Polanski again, this time working from a celebrated novel by Ira Levin. Former schlock producer William Castle wanted to go “legit” with this tale of a woman promised to Satan as the mother of his child. Not until the end do we understand what is happening to poor Rosemary Woodhouse. Initially, she appears to be merely paranoid about her new position as wife and wannabe mother. In the end, when the truth is revealed, her shock is as horrific as her final decision to play parent.
Alfred Hitchcock was in a bit of a funk, creatively, when he decided to ditch his typical Technicolor meticulousness and create a craven, horrific tale of greed and murder. Messing with all the conventions of the time, he crafted a brilliant dissertation on audience expectations and little boys with mother complexes. Anthony Perkins owns the film, finding the right balance between meek and mild and murderously unhinged. You’ll never look at a shower the same way again, and that’s exactly as Hitch intended it.
Slipping outside our definitional comfort zone just a smidge, this amazing masterpiece from director David Fincher is the first and last word on the unsettling suspense delivered by two dedicated cops tracking a horrific serial killer. No massive action scenes (there is one foot chase). No blathering reveal — just a conversation in a car between two weary detectives and the man who will eventually one-up them. With no single scene or shot out of place, this will remain a benchmark of psychological terror for years to come.
I love Seven but don’t think I would rank it above many of the others.
You must be trippin’ on some serious ‘shrooms to put Seven before Carnival of Souls,The Haunting,Repulsion,Psycho and Rosemary’s Baby.Sure,it was a great psychological thriller and one of the best in the genre (regardless of how overrated and overhyped it is),but it would never be nowhere as good as the films I named before,those films were crucial in the development of the genre and film in general,many directors from different film genres have borrowed from these films,and seven while still being a very original film,it came out long after the genre was already fully developed,so no matter how awesome that film is,putting it before Carnival,The Haunting,Repulsion,Psycho and Rosemary’s Baby is just crazy,I wouldn’t put it before Peeping Tom either,is not as good as Carnival of Souls,The Haunting,Repulsion,Psycho and Rosemary’s Baby,but it still was very important in the development of the psychological/horror/serial killer genre.
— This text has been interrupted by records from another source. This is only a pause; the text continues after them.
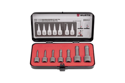 Rešitev težav z odtrganimi vijaki s šestkotno vdolbino in vijaki TX v najpogostejših velikostih v kompaktnem paketu. Pogosto se lahko uporablja tudi za podobne pogone.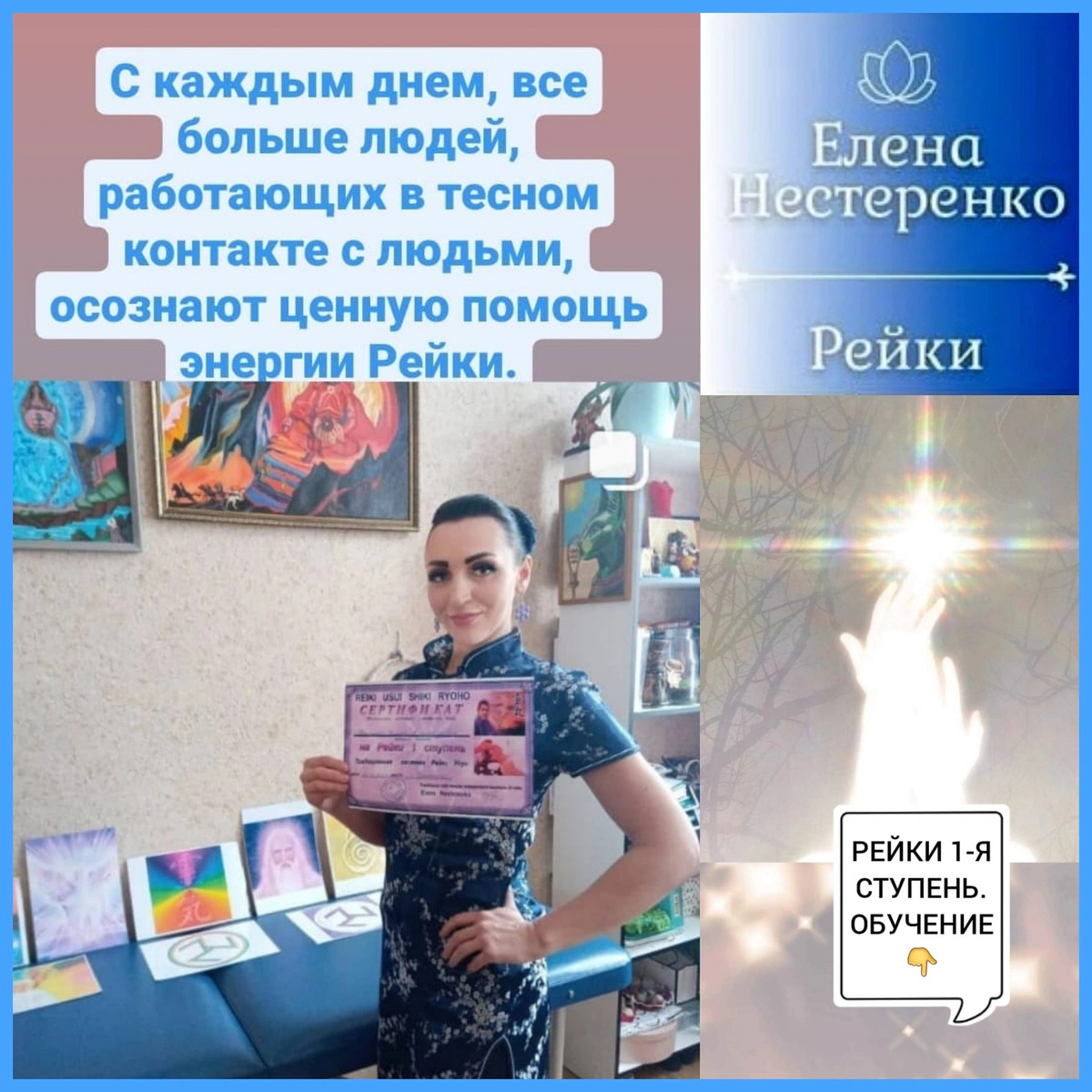 Рейки - древняя и очень эффективная система исцеления "наложением рук". Рейки-универсальная жизненная энергия. Понимание системы Рейки приходит через практику и опыт, которые индивидуальны. Сразу после инициации 1-й ступени Рейки у вас происходит: Кому может быть полезно обучение Рейки? Тем, кто: Ищет способ оздоровления для себя и своих близких. Ищет метод решения психоэмоциональных проблем. Кого постоянно мучают страхи, тревоги, хронические стрессы, депрессии. Кто в застое, кризисе, кто погряз в неудачах. Для тех, кто идёт путём личностного и духовного развития. Кто намерен усилить свой энергетический потенциал, изменить свою жизнь. Кто хочет выйти за рамки обыденности и собственных ограничений. Кому интересно узнавать новое и принимать позитивные перемены в свою жизнь. Тем, кто ищет практику для развития духа-энергия Рейки помогает продвигаться на этом пути. Практика Рейки будет весьма полезна всем тем, чья работа связана с общением с людьми, офисным работникам и руководителям, педа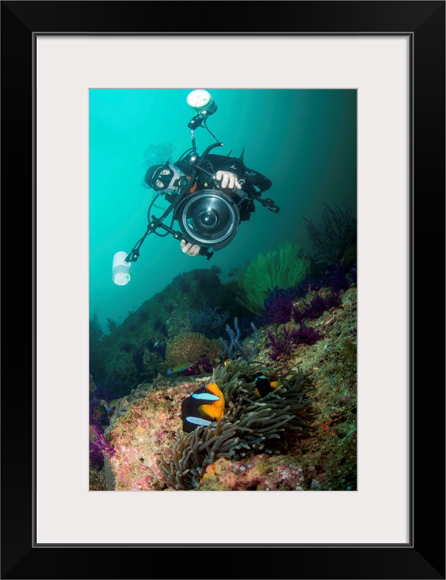 <p>Underwater photographer capturing the picture of a black and orange clownfish.</p>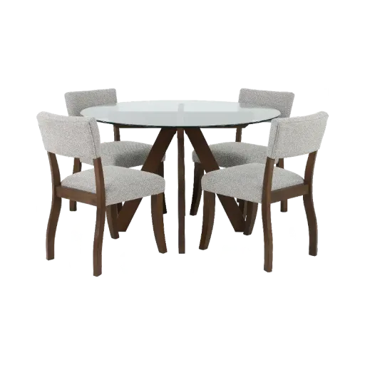The Wade collection will add time-honored beauty and effortless style to your home! This 5-piece dining set comfortably seats four and will elevate your mealtime gatherings with its sleek form and function. The dining table features a 48 round glass top and a hearty timber-beam base finished in a multi-step mocha brown finish is handsomely displayed beneath the glass top. The side chair offers chic comfort with its textured boucle fabric, plush foam padding on the seat and backrest, and gently flowing lines. Includes 48 round dining table and 4 side chairs.

And Psycho came out in 1960,not ’61.It premiered on June 16 in NYC and September 8 in the rest of the country.
Also,having The Blair Witch Project in a list of “best psychological horror films ever made” immediately makes this list a joke.There’s nothing good or remarkable about it,specially for it’s hype,and it’s constantly praised for it’s “originality” and for starting the Found Footage style,when the film existed already many years prior to the release of The Bore Snore Project AKA The Blair Witch Project,and films like Cannibal Holocaust (1980),Manson Family Videos (1984) and 84C MoPic(1989) were the ones that actually started the style,specially Cannibal Holocaust which was the film who introduced the style and the film The Blair Witch Project rips off,covering it up by adding a different story..so,no,the Blair Witch Project didn’t introduce a style,it started a trend,a trend that has been infecting cinema ever since it’s release with follow ups copycats like the Paranormal Activity Franchise,Grave Encounters,REC 1 and 2 and its US “remake”,Quarantine,and the matter others in different film genres.